Currently we start both the iperf3 server(s) and client(s) afresh each time
we want to make a bandwidth measurement.  That's not really necessary as
usually a whole batch of bandwidth measurements can use the same server.

Split up the iperf3 directive into 3 directives: iperf3s to start the
server, iperf3 to make a measurement and iperf3k to kill the server, so
that we can start the server less often.  This - and more importantly, the
reduced number of waits for the server to be ready - reduces runtime of the
performance tests on my laptop by about 4m (out of ~28minutes).

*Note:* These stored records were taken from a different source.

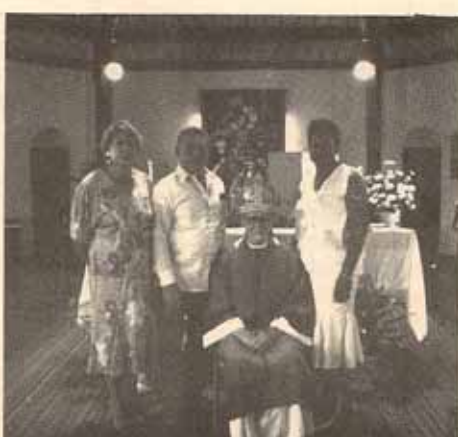
Visita Pastoral Iglesia Santo Tomás, Carolina, P.R.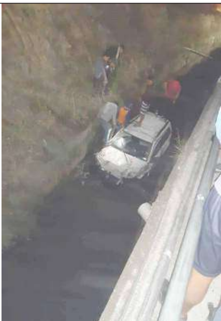
Organismos de emergencia acudieron al sitio para socorrer a los afectados.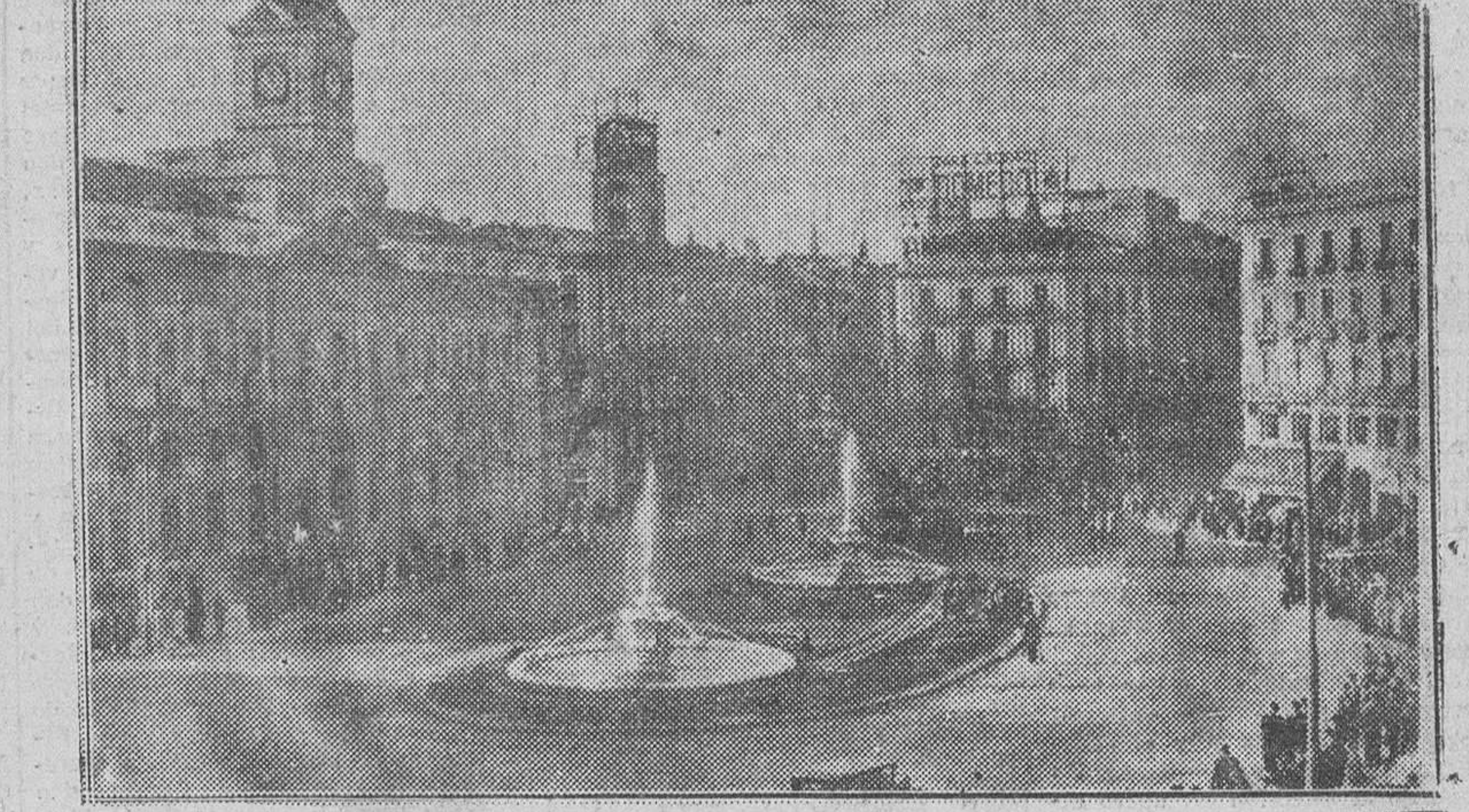
UNA VISTA DE LA PUERTA DEL SOL, DESPUES DE SER INAUGURADAS LAS FUENTES CONSTRUIDAS EN MEDIO DE LA POPULAR PLAZA MADRILEÑA.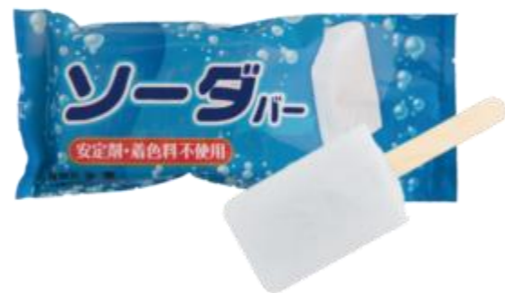
安定剤着色料不使用 ソーダバー 200円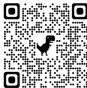
学科/専攻 YouTube チャンネル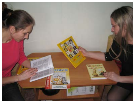
Рис. 18. Выставка шахматной библиотеки

Для поддержания у детей устойчивого интереса к игре в шахматы родителям была рекомендована организация домашнего шахматного уголка.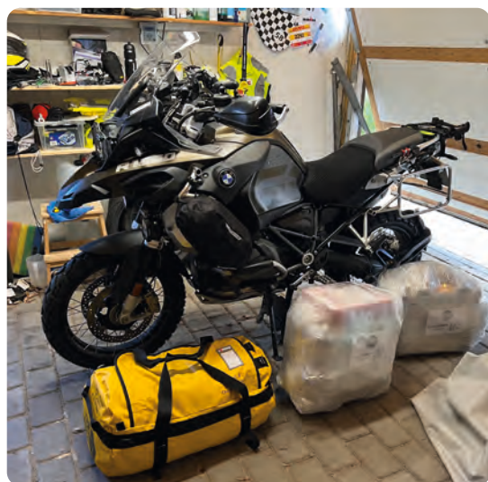
Mit kæreste eje klar til rejsen til Sydamerika.

Nu kom så dagen hvor en i min optik alt for ung polsk chauffør i en polsk varevogn skulle afhente mit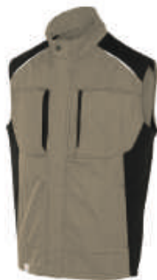
Sandbraun | Schwarz 7250 5365-2599 XS-4XL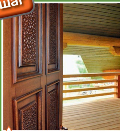
Классическая филенчатая дверь открывает выход на балкон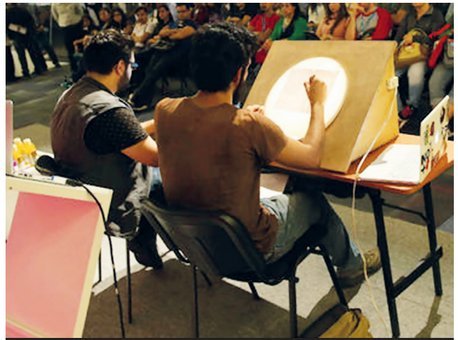
Buscan consolidar 33 mil empleos en ramas como post producción, animación, multimedia, VFX* y videojuegos.

30 En Jalisco, tras analizar esta problemática, se constituyó, sin ánimos de lucro, la Asociación Jalisciense de Industrias Creativas el 28 de abril de 2015, para promover iniciativas privadas y públicas con programas de capacitación, adopción de modelos de calidad, competencia leal y sustentabilidad.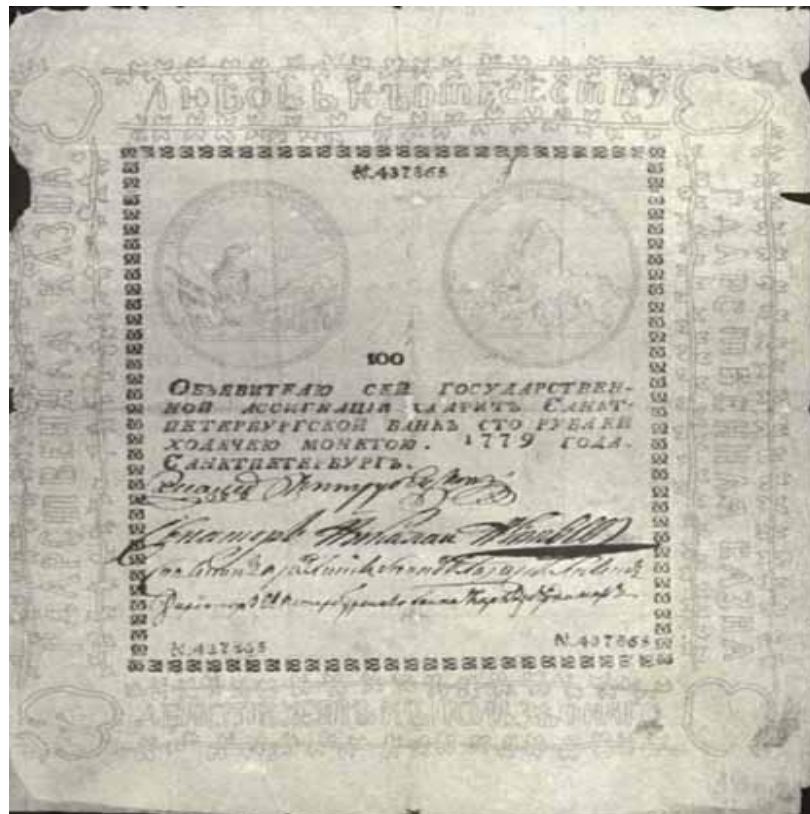
Ассигнация Екатерины II на сто рублей.

Первые русские ассигнации были очень просты по оформлению. Это были большие листы белой бумаги размером 175 x 225 мм, обрамленные черной рамкой. Посередине располагался номер ассигнации, в центре листа -- обозначение номинала, ниже располагался текст обязательства и в самом конце собственноручные подписи сенаторов, главного директора правления банков и директора местного банка. Неудивительно, что такие деньги было легко подделать.

For now we still restart the server between IPv4 and IPv6 tests.  That's
because in some cases the latency measurements we make in between use the
same ports.

Signed-off-by: David Gibson <david@gibson.dropbear.id.au>
---
 test/lib/test       | 57 ++++++++++++++++++++++-----------
 test/perf/passt_tcp | 59 ++++++++++++++++++++--------------
 test/perf/passt_udp | 57 ++++++++++++++++++++-------------
 test/perf/pasta_tcp | 77 ++++++++++++++++++++++++++++++---------------
 test/perf/pasta_udp | 72 +++++++++++++++++++++++++++++-------------
 5 files changed, 213 insertions(+), 109 deletions(-)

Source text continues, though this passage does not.